* Data in this exercise

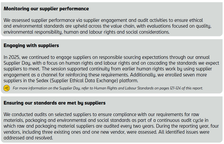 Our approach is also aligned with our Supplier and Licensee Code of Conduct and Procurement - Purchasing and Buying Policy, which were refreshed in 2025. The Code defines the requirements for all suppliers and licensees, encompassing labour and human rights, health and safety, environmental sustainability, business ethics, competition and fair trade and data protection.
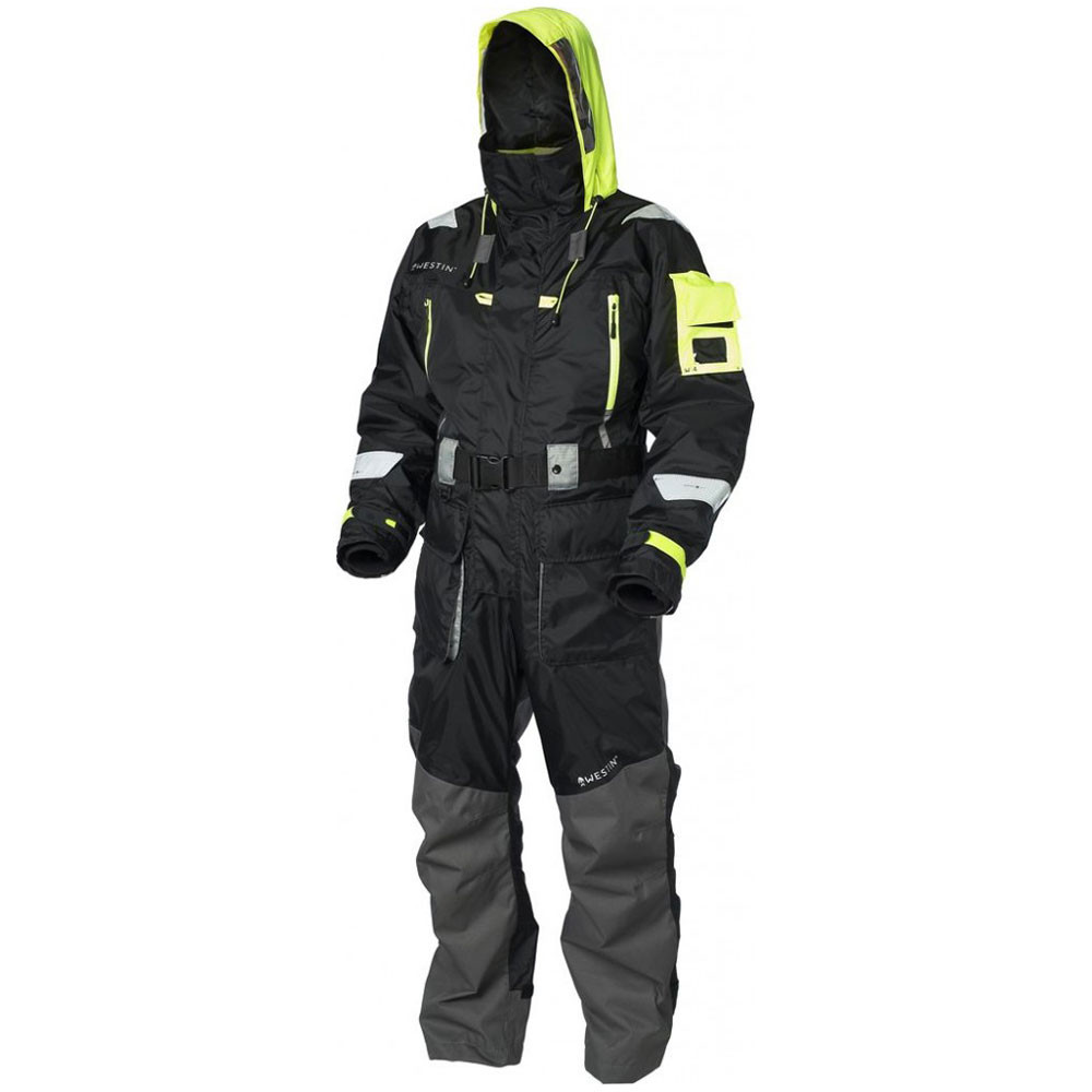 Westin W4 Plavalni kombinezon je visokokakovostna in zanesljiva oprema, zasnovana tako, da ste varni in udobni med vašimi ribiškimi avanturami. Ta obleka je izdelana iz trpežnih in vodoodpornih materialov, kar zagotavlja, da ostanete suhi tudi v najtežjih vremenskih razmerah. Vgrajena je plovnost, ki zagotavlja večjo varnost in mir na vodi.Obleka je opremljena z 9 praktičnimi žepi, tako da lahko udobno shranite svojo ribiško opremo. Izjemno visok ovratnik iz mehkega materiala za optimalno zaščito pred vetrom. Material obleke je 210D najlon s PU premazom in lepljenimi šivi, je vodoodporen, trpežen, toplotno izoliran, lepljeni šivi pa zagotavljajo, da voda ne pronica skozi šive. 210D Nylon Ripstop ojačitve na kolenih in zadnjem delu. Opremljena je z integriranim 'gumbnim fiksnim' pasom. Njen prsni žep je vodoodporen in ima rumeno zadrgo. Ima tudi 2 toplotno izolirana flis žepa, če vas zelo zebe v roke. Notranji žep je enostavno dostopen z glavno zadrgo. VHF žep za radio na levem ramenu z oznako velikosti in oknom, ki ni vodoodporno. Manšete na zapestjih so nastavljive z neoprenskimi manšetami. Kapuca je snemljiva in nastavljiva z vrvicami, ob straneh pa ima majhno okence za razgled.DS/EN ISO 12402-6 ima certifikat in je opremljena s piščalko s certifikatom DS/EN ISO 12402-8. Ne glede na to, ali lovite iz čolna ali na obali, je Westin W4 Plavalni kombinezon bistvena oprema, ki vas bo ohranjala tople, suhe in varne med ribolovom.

--

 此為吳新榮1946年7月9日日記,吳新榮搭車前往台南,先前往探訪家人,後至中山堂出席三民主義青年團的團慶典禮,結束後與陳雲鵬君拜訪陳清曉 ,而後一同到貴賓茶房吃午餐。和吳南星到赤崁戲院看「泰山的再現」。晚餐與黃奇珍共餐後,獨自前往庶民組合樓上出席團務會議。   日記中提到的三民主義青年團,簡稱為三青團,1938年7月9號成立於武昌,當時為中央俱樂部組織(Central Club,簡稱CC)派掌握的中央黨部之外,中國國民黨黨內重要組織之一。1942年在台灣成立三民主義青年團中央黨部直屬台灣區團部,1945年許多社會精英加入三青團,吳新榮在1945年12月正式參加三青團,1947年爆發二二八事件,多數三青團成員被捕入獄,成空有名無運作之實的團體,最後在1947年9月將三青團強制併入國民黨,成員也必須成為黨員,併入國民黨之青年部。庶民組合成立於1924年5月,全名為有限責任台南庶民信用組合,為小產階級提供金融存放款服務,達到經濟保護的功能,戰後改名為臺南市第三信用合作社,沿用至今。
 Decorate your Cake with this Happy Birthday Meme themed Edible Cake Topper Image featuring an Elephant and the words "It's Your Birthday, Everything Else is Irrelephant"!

* * *

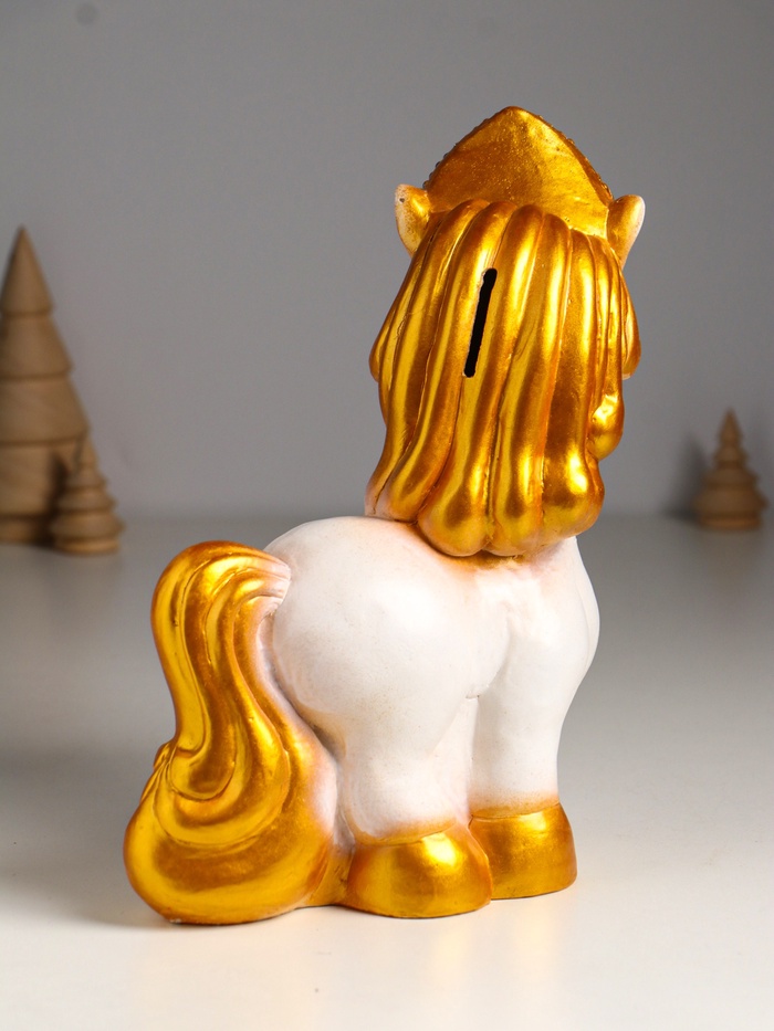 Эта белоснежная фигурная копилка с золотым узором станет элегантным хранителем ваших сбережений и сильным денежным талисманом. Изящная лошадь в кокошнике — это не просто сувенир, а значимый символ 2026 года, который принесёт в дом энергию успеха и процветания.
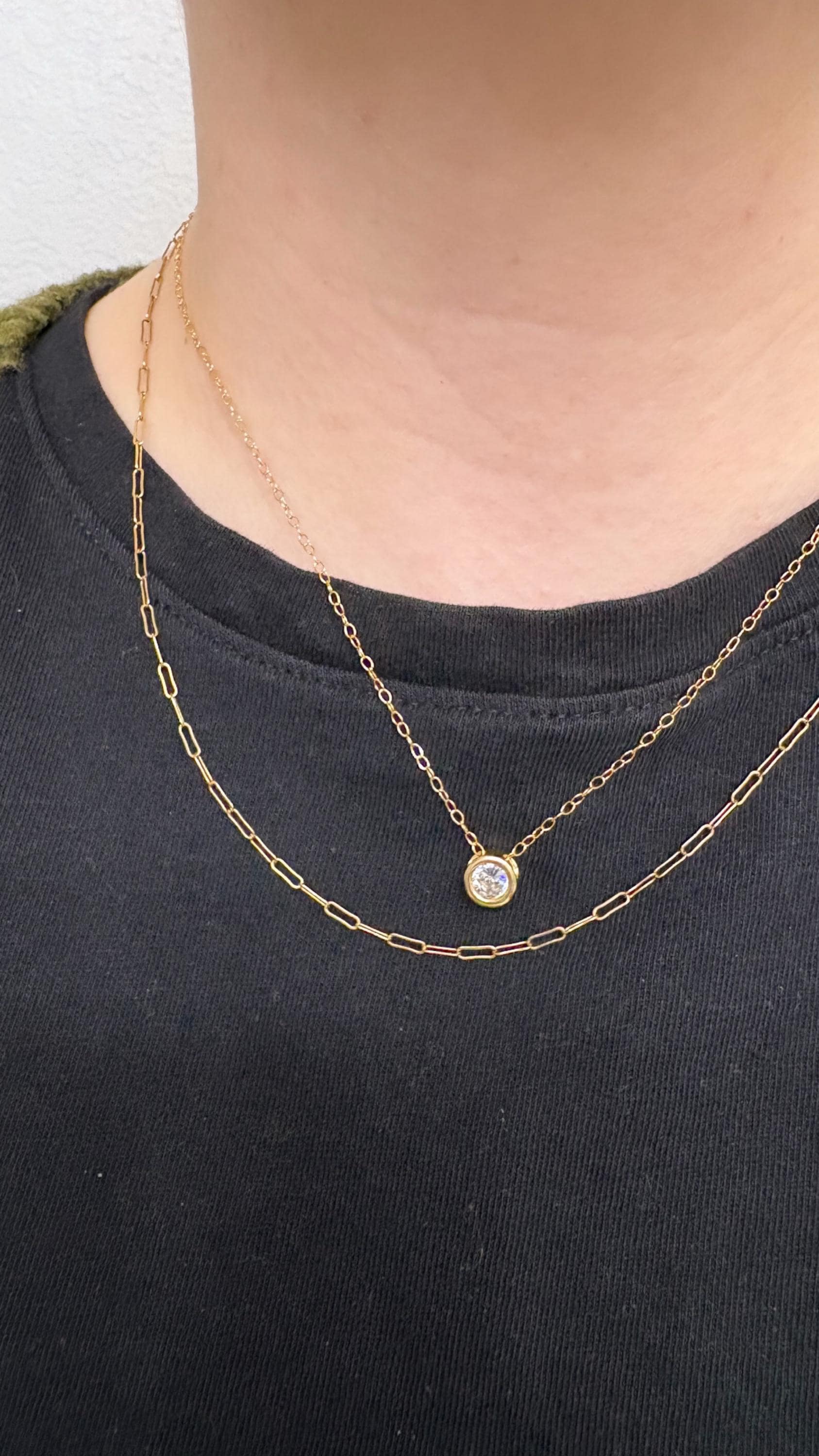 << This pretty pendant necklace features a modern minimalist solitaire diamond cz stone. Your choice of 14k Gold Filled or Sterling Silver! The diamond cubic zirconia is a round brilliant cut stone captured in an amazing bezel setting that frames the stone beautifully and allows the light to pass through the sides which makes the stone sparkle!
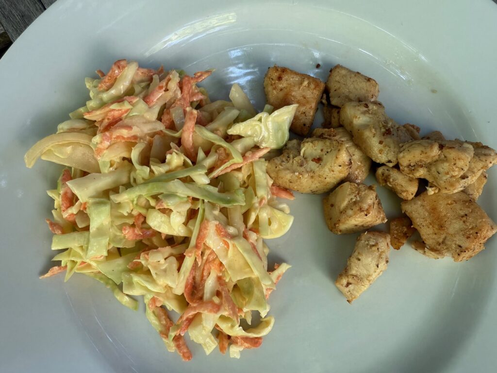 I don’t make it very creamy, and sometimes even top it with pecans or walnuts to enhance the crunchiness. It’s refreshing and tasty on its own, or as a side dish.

* Exercise brief
Look above for the line with "Эта белоснежная фигурная" and copy exactly from it through the line with "I don’t make", both included. Omit the pictures.

* Completed exercise
 Эта белоснежная фигурная копилка с золотым узором станет элегантным хранителем ваших сбережений и сильным денежным талисманом. Изящная лошадь в кокошнике — это не просто сувенир, а значимый символ 2026 года, который принесёт в дом энергию успеха и процветания.
 << This pretty pendant necklace features a modern minimalist solitaire diamond cz stone. Your choice of 14k Gold Filled or Sterling Silver! The diamond cubic zirconia is a round brilliant cut stone captured in an amazing bezel setting that frames the stone beautifully and allows the light to pass through the sides which makes the stone sparkle!
 I don’t make it very creamy, and sometimes even top it with pecans or walnuts to enhance the crunchiness. It’s refreshing and tasty on its own, or as a side dish.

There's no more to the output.